Pilot Parallel Pen as a Highlighter

Sometimes we get customers who tell us they use their Lamy or TWSBI 1.5 italic nibs as highlighters, filling them with a highlighter ink like Noodler’s Firefly, or another light ink. 1.5 is a pretty broad nib for writing, and you can get some good calligraphic action out of it, but you can also consider using a Parallel Pen if you’re ready to get serious about your highlighting.

Pilot Parallel Pen at WonderPens.ca

As a display of my commitment to writing instruments and to my readers, I have sacrificed my Complete Poems & Plays of TS Eliot to demonstrate the highlighting capabilities of the Pilot Parallel Pen.

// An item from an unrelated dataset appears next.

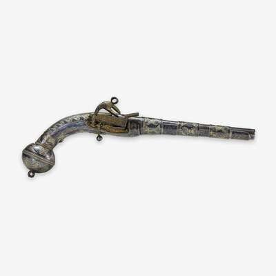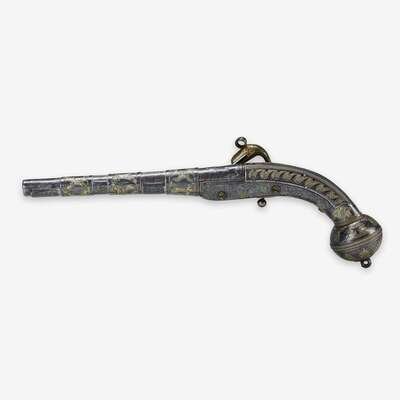 A Russian silver-gilt and niello mounted steel pistol apparently unmarked, circa 1825

The obvious advantage is that you can get a much broader nib that is usually available on standard fountain pens.

The Parallel Pen is available in 1.5 mm, 2.4 mm, 3.8 mm, and 6.0 mm. This is one of the most popular calligraphy tools because of its ease of use (no messing around with dipping nibs and drips of ink), portability and reliability – it lays down an even, consistent line every time. Many professional and expert calligraphers use these pens daily.

The highlighting samples were done with the green lid, 3.8 mm Parallel Pen.

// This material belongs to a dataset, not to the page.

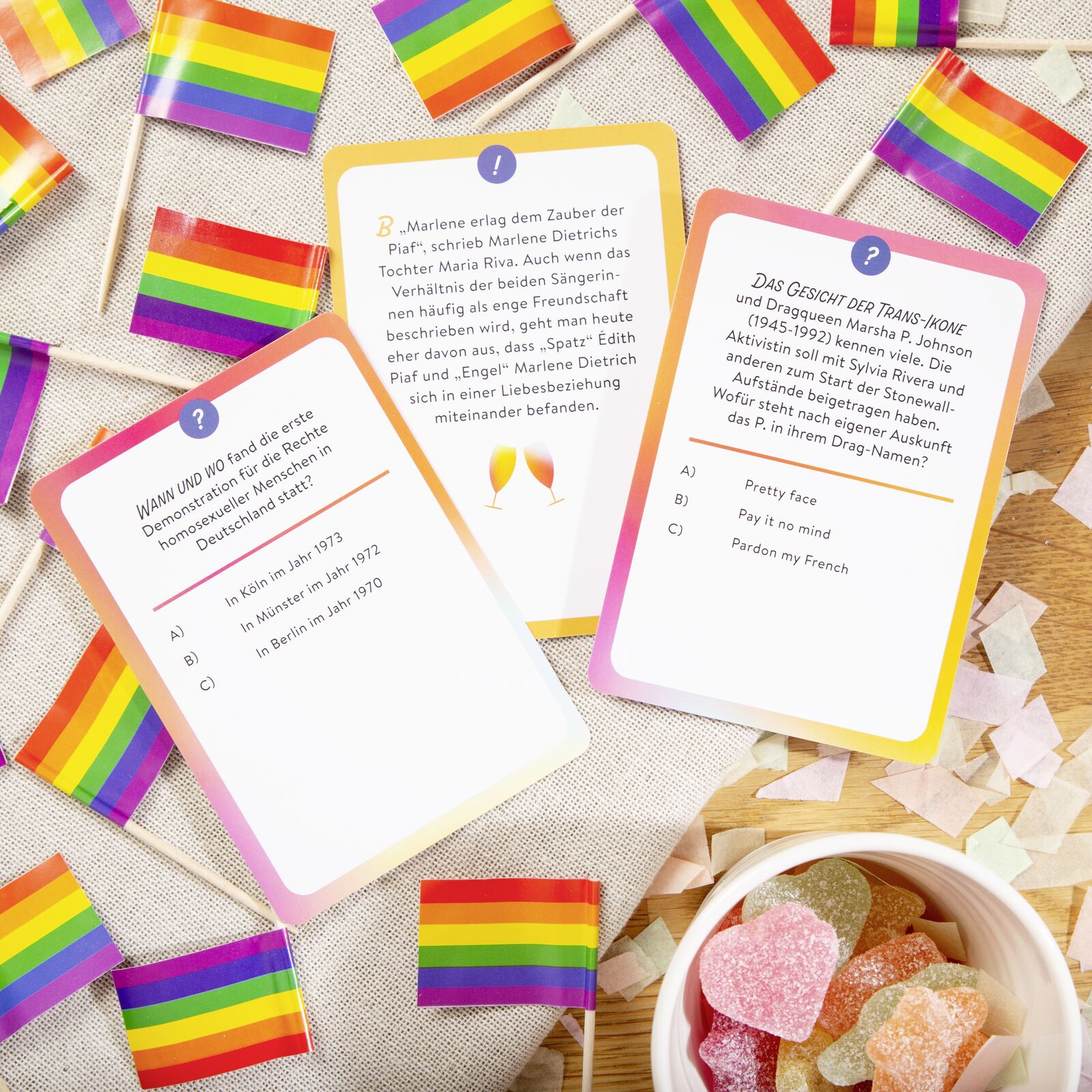Bunt wie die LGBTIQ+-Community - Das queere Trivia Quiz Warum wurde kurz nach Einführung der Regenbogenflagge ein Streifen wieder entfernt? Warum wurde Oscar Wilde angeklagt? Und was sollen Isaac Newton, Spongebob Schwammkopf und Caitlyn Jenner gemeinsam habe...

The second advantage is that the Parallel Pen has slightly more controlled and drier flow than a regular fountain pen. It is nice and even and consistent. You typically get more shading and variation out of fountain pens; the parallel plates helps regulate the flow. You may still get some pooling at the end of your strokes, but it won’t be as wet. This is particularly important if you’re highlighting notes or text on lower quality paper at work or school.

You can use highlighter ink like Noodler’s Firefly, which is more of fluorescent colour, but you can also try lighter shades like Rohrer & Klingner’s Helianthus (above) or J. Herbin’s Bleu Azur (below). You can even try diluting some mid-range colours to get lighter shades. You can add distilled water and ink in a separate vial.


Probably its biggest disadvantage is that it’s a long pen, definitely not a shirt pocket pen for on the go. I am assuming the design of the body has to do with its function as a calligraphy tool. If you have a pencil case or cup, or can leave it at your desk at work, it may not be a big deal. 

If you are someone who does a lot of highlighting, as a student or teacher or whatever it is you do, the Parallel Pen offers a good alternative to the marker highlighters that can dry out on you, growing fainter day by day. It comes with two proprietary Pilot cartridges, and you can use the accompanying “cleaning converter” as a converter to hold ink. I have heard that the converter may not work, and it is indeed a tight fit, but we use the converter in the Parallel Pen in the tester tray, and trust me when I say the pens in our tester tray are soldiers.

And, as a bonus, you can practise your calligraphy with it too.